The project website, darts-database.com, includes a map of selected locations (eventually more than 100). Each site – including its infrastructure, traffic signs, and other drivers’ behavior – will be recorded multiple times, in different conditions: daytime and nighttime, as well as in different seasons. As Rodak explains, the chosen locations are either problematic for drivers, where accidents frequently occur, or otherwise characteristic of Polish regions.
“With our technology partners, we have built a research vehicle that goes out onto the roads to capture data in these areas. Then the Warsaw University of Technology, our consortium partner, will be responsible for applying annotations – small rectangles marking what type of object is in the recording, whether it is a pedestrian, a car, or a building. Mainly moving objects will be annotated,”
adds Rodak.
Annotation is the process of identifying and labeling each object in a dataset, such as in a video frame. These annotated datasets are critical for training AI models to detect objects, understand the road environment, and make real-time driving decisions. Automated annotation tools, powered by machine learning algorithms, speed up this process by identifying and labeling pedestrians, vehicles, traffic signs, or lane markings. This automation not only accelerates data processing but also improves accuracy and scalability.
The DARTS-PL mobile measurement platform is equipped with advanced sensors, including four LiDARs, seven 360° cameras, six radars, and a thermal imaging camera. Based on these measurements, the database will cover 840 scenarios and approximately 168,000 data frames, featuring 15 types of road users (such as pedestrians, cyclists, and agricultural machinery), over 100 different road signs, 27 types of special events, and a variety of infrastructure (such as railway crossings and all road classes).
“Autonomous vehicles rely on artificial intelligence algorithms – specifically machine learning. To properly design a control algorithm, we need training data,”
explains the ITS expert.
“Testing is extremely important, as it directly impacts the quality, accuracy, behavior, and safety of autonomous vehicles in the future. If the control algorithm is well-trained, with a high-quality training database and correct annotations, the vehicle will correctly recognize all road users and respond appropriately to the conditions.”

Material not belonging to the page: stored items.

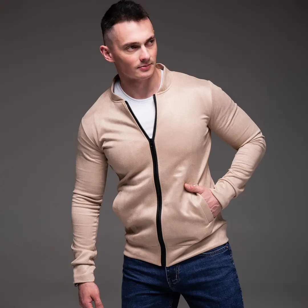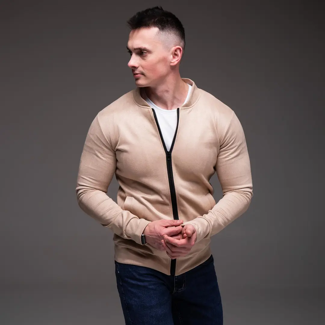 Замшевий демісезонний бомбер casual (бежевий)
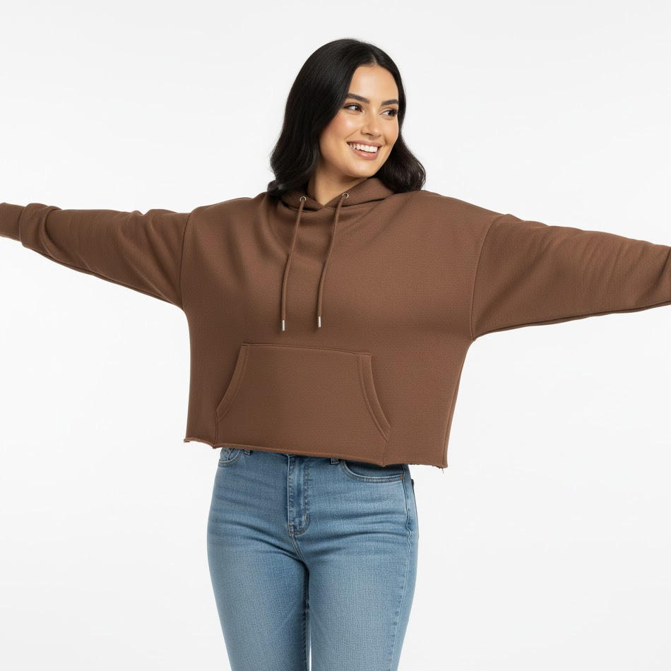 เสื้อมีฮู้ดเอวลอยน้ำหนักเบาสำหรับผู้หญิงเสื้อออกกำลังกายแฟชั่นแบบลำลองสำหรับใส่ไปยิมเล่นโยคะ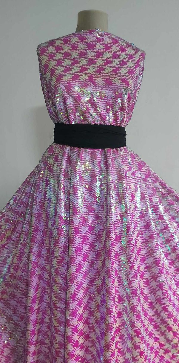 Paietele reversibile sunt perfecte pentru rochii și fuste, adăugând un element de glamour și sofisticare oricărei ținute. Cu nuanțe vibrante de roz și alb, precum și accente subtile de argintiu, acest material va atrage cu siguranță privirile și va impresiona în orice context.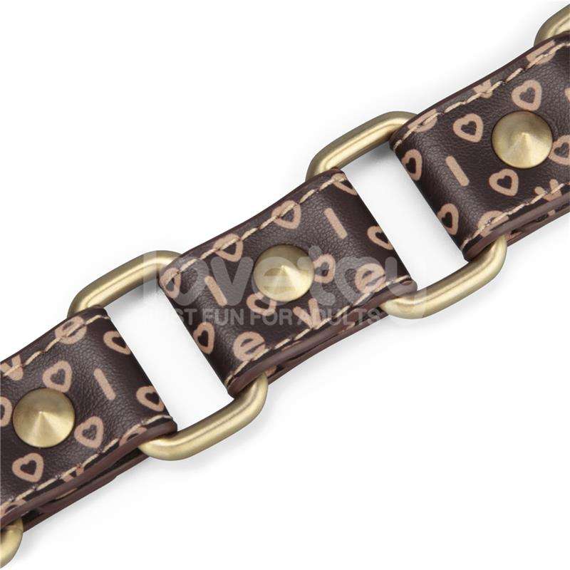 Immerse yourself in a world of mystery and sensuality with our Rebellion Reign Ball Gag. This striking piece has been crafted from premium PU, with six antique bronze spikes accentuating the dark brown faux leather, adding an extra layer of unique style and symbolizing the brand’s rebellious spirit.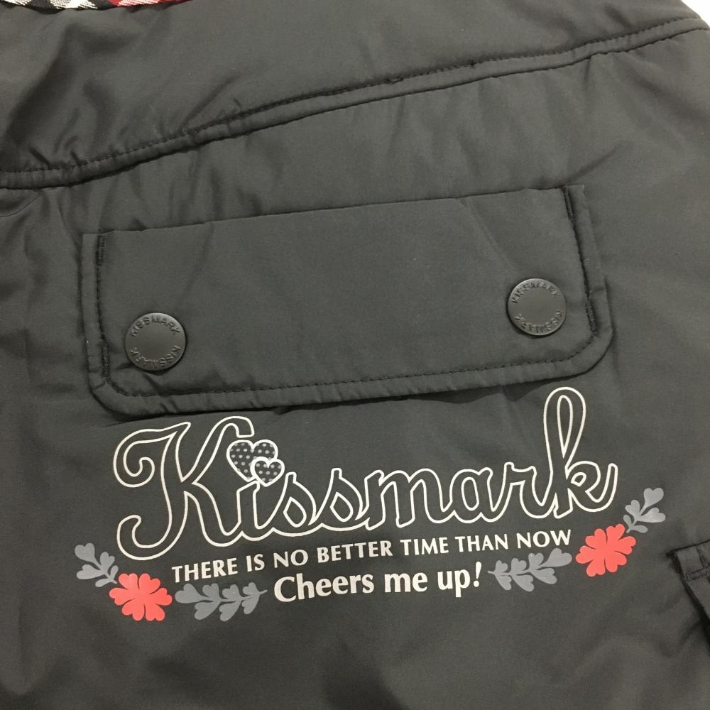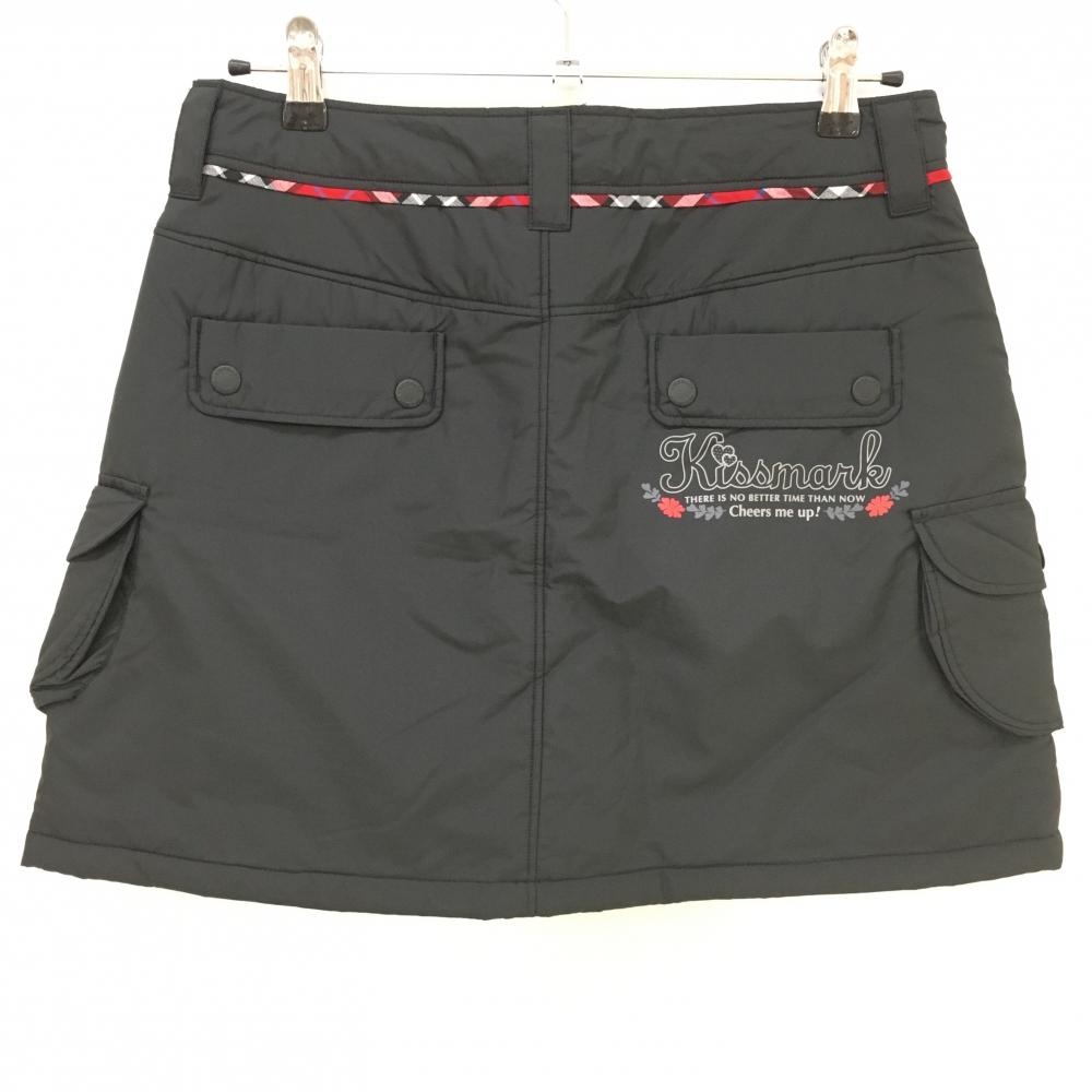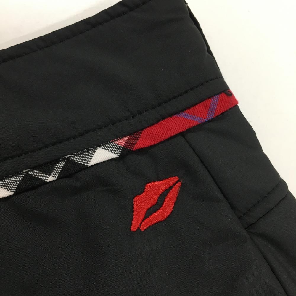 【超美品】キスマークゴルフ 中綿スカート 黒×レッド ウエスト下チェックライン レディース 11 ゴルフウェア kissmark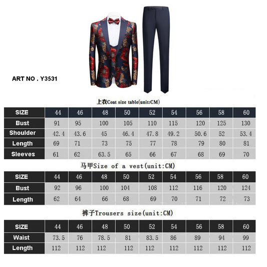 Men's 3-Piece Suit Notched Lapel Floral One Button Modern Tuxedo Sets | Y3531-1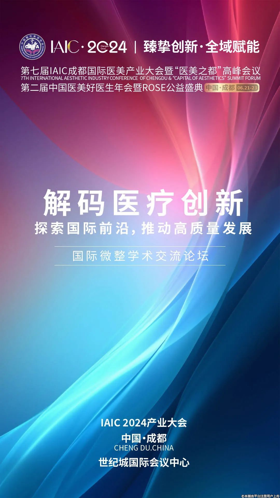 隨著醫(yī)美行業(yè)的蓬勃發(fā)展,全球?qū)ο冗M微整形技術(shù)和前端安全材料的關(guān)注日益升溫。2024年6月21日至23日,將盛大舉行第七屆IAIC(成都)國際醫(yī)美產(chǎn)業(yè)大會暨“醫(yī)美之都”高峰會議,以“傳遞市場信任、樹立品牌榜樣、助力科技與監(jiān)管創(chuàng)新、推動高質(zhì)量發(fā)展”為主題,促進美容醫(yī)學和微整形技術(shù)的創(chuàng)新與發(fā)展。
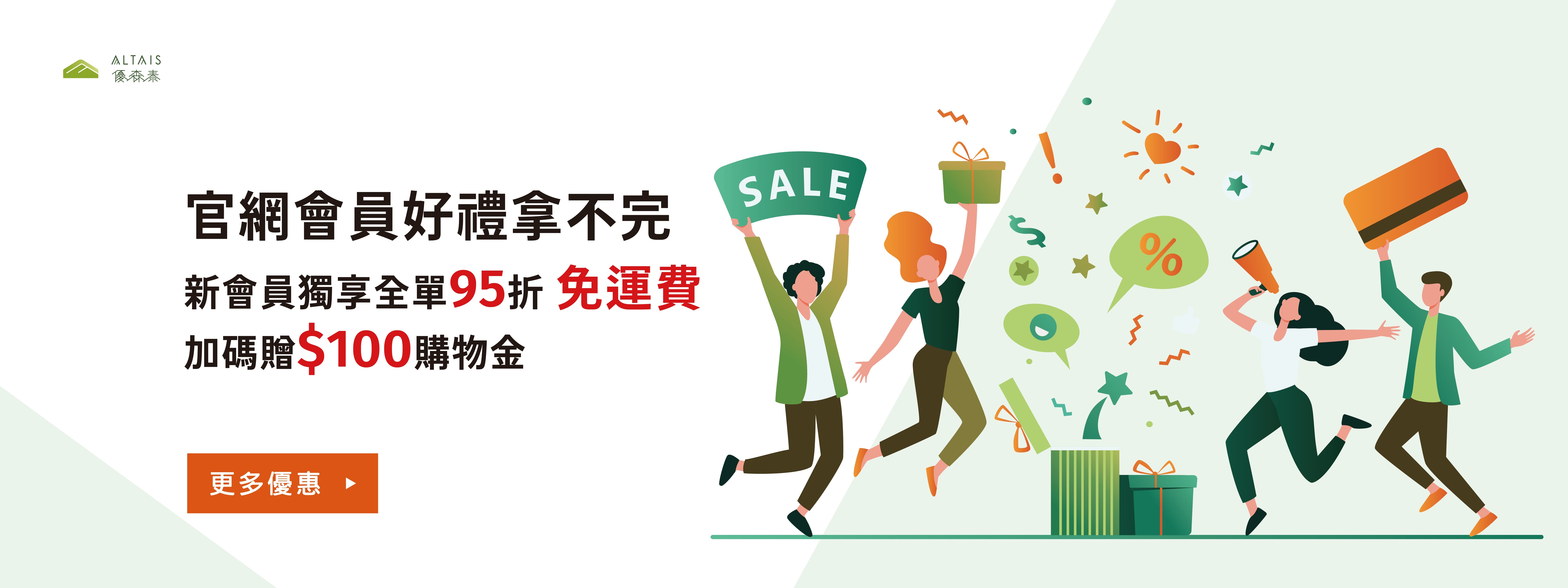 首次下單,享全館商品95折,不限金額免運費,再送$100購物金;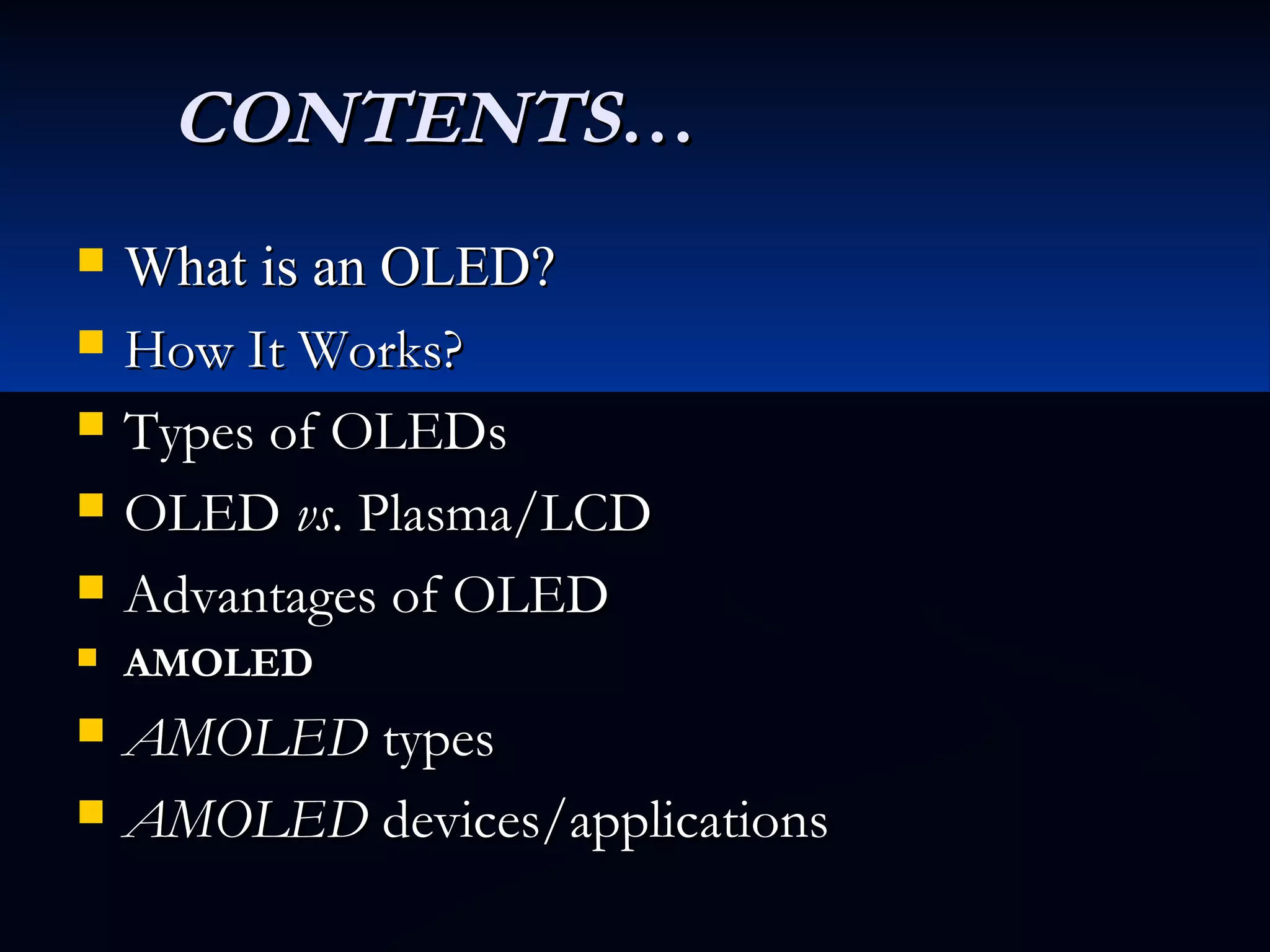 OLED (organic light-emitting diode) is a light emitting technology that uses organic compounds to emit light when an electric current is applied. It has advantages over LCD/plasma like higher contrast, thinner displays, and wider viewing angles. There are different types like passive matrix OLED and active matrix OLED. AMOLED is an active matrix OLED used in phones. AMOLED has advantages like true black, faster response time, and can be made flexible/transparent. Popular applications include phones, TVs, and lighting panels.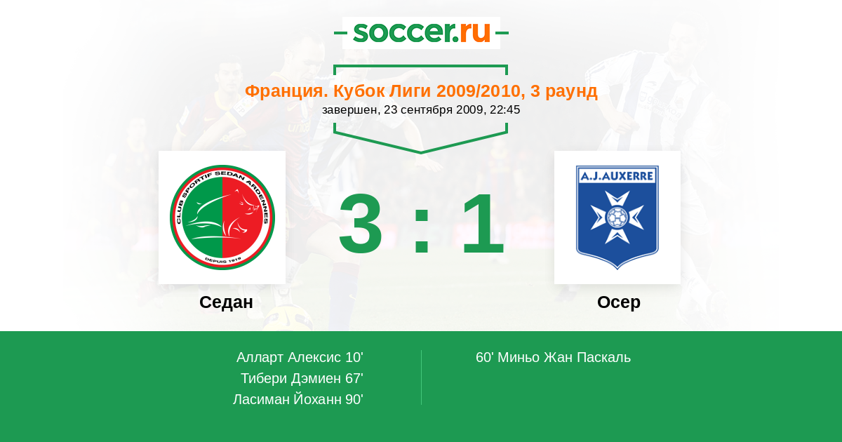Протокол матча Седан против Осер
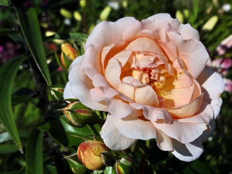 Kwiaty duże, zebrane po kilka na końcach pędów. Kwitnie od VI do mrozów. Zapach delikatny.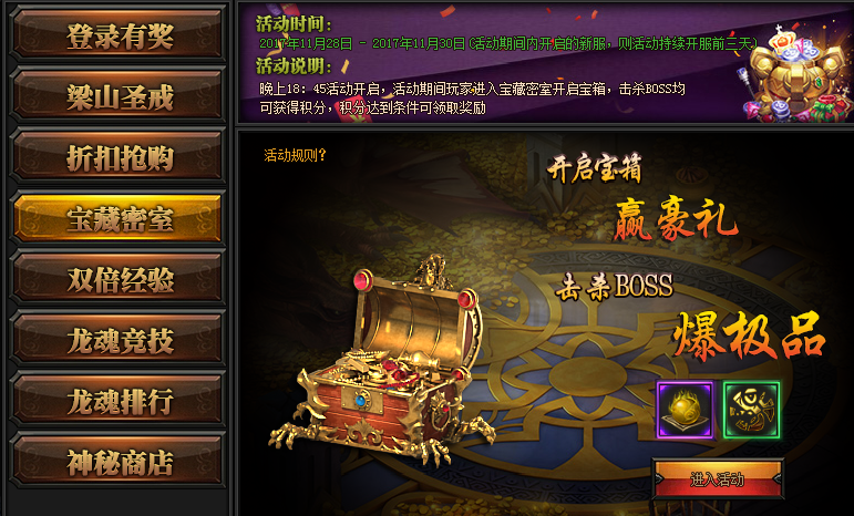 活动期间,每晚18:45开启密室,开启宝箱,击杀金猪,击杀BOSS均可获得积分,积分达到条件后可领取奖励。击杀BOSS还可掉落专业品牌装备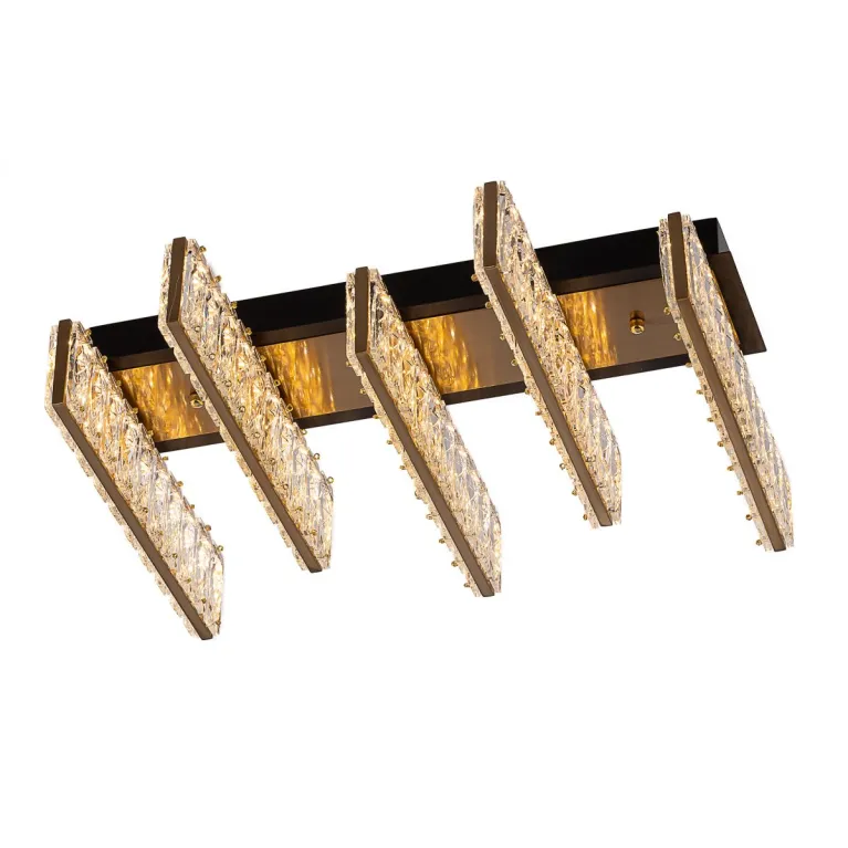 Преобладающий цвет плафонов: Прозрачный, арматуры: Черный; материал изготовления арматуры: Металл, размеры, мм: длина 490 / ширина 380 / высота 130 Общая мощность – 36 Ватт, а максимальная площадь освещения до 12 м2. Основной тип ламп, предусмотренный производителем: Светодиодная с цоколем LED. В зависимости от предпочтений можно использовать лампы теплового, холодного или нейтрального света, за исключением люстр с типом цоколя LED.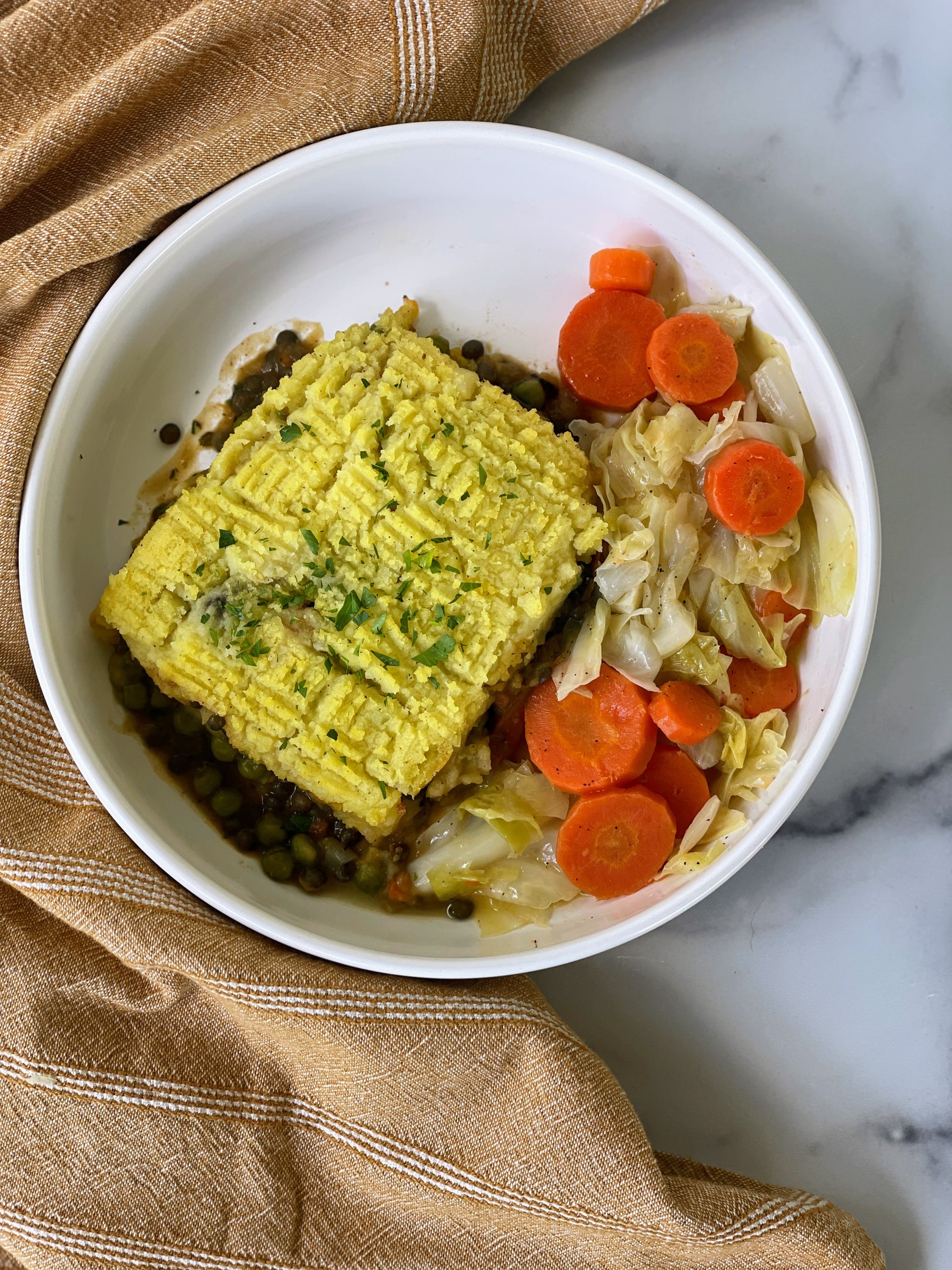 with Lentil & Mushroom Pie, Irish Cabbage & Carrots

According to the project’s creators, the road scenarios will be broadly accessible – both for scientific and commercial use.
“We expect that developers of autonomous driving algorithms will use our database to train their systems, so that vehicles eventually operating on Polish roads will be able to react and adapt to local conditions,”
emphasizes Rodak.
ITS also highlights that AI algorithms require massive amounts of high-quality training data. While there are around 200 public databases worldwide for autonomous vehicles, only 90 are directly applicable to training autonomous driving (AV) systems. Many of them rely on limited sensor setups or low-quality data. For example, algorithms trained on U.S. data may not perform correctly in Europe due to differences in infrastructure and traffic behavior.
“Globally, there are about 200 such databases. Unfortunately, not all are open for commercial or even research use – many are restricted to private companies and developers. We, however, will provide our database on a non-profit basis. Anyone who approaches us will be able to access and test it. We hope that both research institutions and service providers worldwide will reach out to us,”
says Aleksandra Rodak.